Can I port my existing business phone number to a SIP trunk provider?
Yes, in most cases. Number porting in Australia is governed by ACMA regulations, and all licensed carriers must accept porting requests. The process typically takes 5-10 business days from a standard geographic number. Your existing service stays active during the porting period and cutover happens at a specific time on the agreed porting date. 1300 and 1800 numbers have a separate porting process managed through the Telecommunications Industry Ombudsman framework. Confirm porting capability and timelines with your new SIP trunk provider before signing up.
Do I need a static IP address for SIP trunking?
It depends on the provider. Some require IP-based authentication where your PBX's public IP is whitelisted on the provider's firewall. If your business internet has a dynamic IP (which changes periodically), this creates a problem. Other providers support registration-based SIP authentication where your PBX registers with a username and password, which works fine with dynamic IPs. Ask your provider which authentication method they use before assuming you need a static IP. Most AU-focused SIP providers support registration-based auth specifically because many business internet services in Australia have dynamic IPs.
What happens to my phone system if my internet goes down?
SIP trunks depend entirely on your internet connection. If your connection drops, all calls over SIP trunks stop working. To mitigate this, you have several options. First, provision a 4G/5G failover router that automatically activates when your primary NBN connection fails. Second, set up call forwarding on your SIP trunk to divert calls to mobile numbers during an outage. Most AU SIP trunk providers support emergency call diversion that can be activated from a web portal even if your PBX is unreachable. Third, ensure your VOIP phones are on a UPS so they stay powered during a brief power outage rather than compounding a double failure.
Can I use a SIP trunk provider to get a 1300 number?

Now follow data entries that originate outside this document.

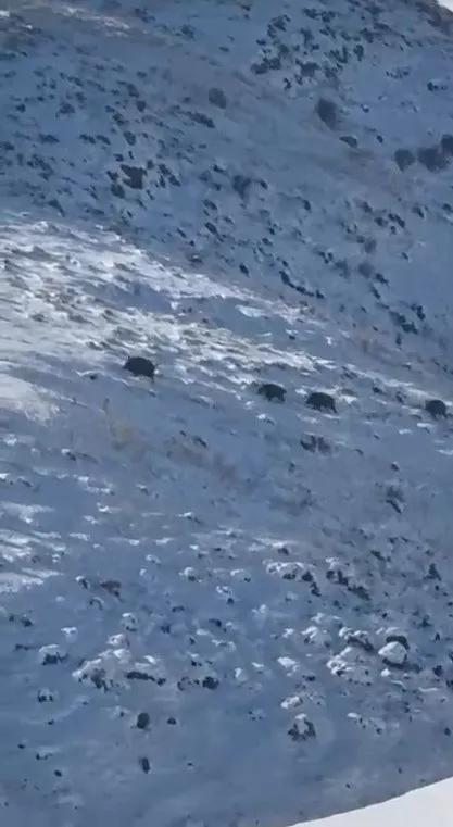 Kars’ın Akyaka ilçesine bağlı Küçükdurduran ve Sulakbahçe köylerinde sabah erken saatlerde ortaya çıkan domuz sürülerinin, koşarak karlı arazide ilerlediği görüldü. Domuz sürüleri Tokay Kurtbaş ve Mahsuncan Işık, tarafından cep telefonu kameralarıyla kaydedildi. Görüntülerde, kalabalık domuz sürüsünün karla arazilerde ve dağlık bölgede hızla kaçtığı anlar yer aldı.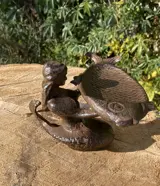 Vogelbad in roestbruin met een zittende zeemeermin, erg fraai!!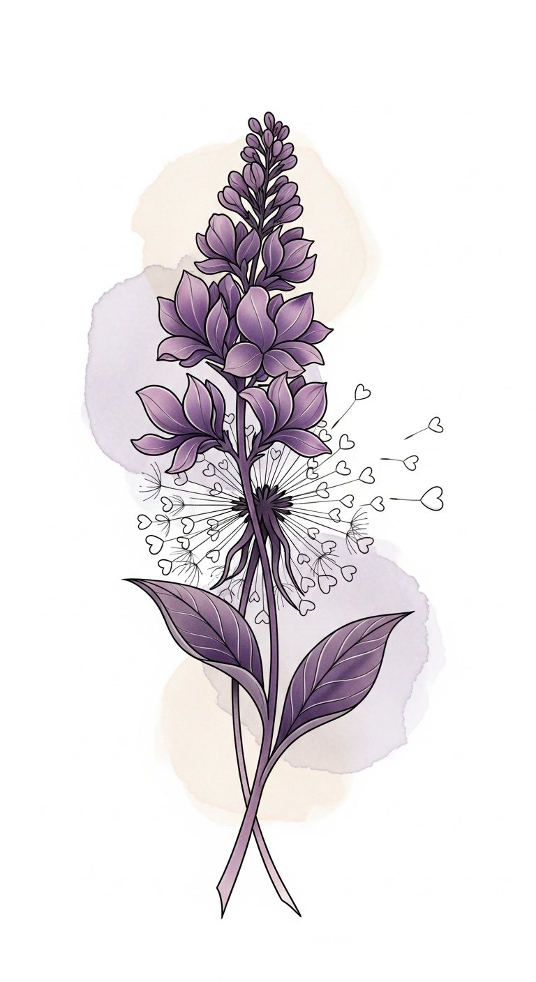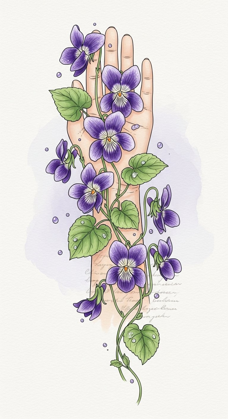 This design emphasizes the quiet strength of violets—soft colors and fine lines expressing modesty, flowing composition to evoke loyalty and continuity, and placement options (inner wrist for intimacy, forearm for visibility, ankle for subtlety) chosen to match the wearer’s emotional intent.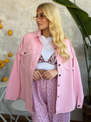 Τζάκετ τζιν crop, κλείνει με κουμπιά, διαθέτει τσέπες. Το τζάκετ είναι σε προσφορά και δεν γίνεται αλλαγή – επιστροφή.

Yes. Most Australian SIP trunk providers can provision 1300 and 1800 numbers in addition to standard geographic DIDs. 1300 numbers route calls from across Australia to your nominated answer point, with the caller paying local call rates. 1800 numbers are free for the caller. Both are provisioned and managed by the SIP trunk provider. Pricing for 1300/1800 numbers varies: there's usually a monthly service fee (~$10-30) plus per-minute inbound call rates that differ from standard DID rates. Confirm 1300/1800 support and pricing with your provider if this is a requirement.
What is the difference between a SIP trunk and a hosted VOIP service?

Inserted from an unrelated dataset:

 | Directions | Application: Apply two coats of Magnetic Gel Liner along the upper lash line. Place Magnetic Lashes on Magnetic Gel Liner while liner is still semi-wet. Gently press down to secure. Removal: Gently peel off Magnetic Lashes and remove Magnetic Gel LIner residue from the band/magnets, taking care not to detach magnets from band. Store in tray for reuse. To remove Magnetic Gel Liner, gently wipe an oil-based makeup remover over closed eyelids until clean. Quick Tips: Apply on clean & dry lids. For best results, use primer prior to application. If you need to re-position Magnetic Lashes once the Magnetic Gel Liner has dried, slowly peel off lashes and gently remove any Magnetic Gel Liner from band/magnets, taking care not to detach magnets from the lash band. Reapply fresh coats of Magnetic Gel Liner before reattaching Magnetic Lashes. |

A SIP trunk is just the connection layer between your own PBX and the public phone network. You own the PBX software and hardware. The SIP trunk provider supplies the channel capacity and phone numbers, and carries the calls. A hosted VOIP service (hosted PBX) is the complete package: the provider runs the PBX software in their data centre, you just add phones. Hosted VOIP requires less technical knowledge and no PBX infrastructure. SIP trunking gives you more control and potentially lower cost at scale, but requires someone to manage the PBX. Most Australian SMBs with under 20 seats are better served by hosted VOIP unless they have a specific reason to run their own PBX.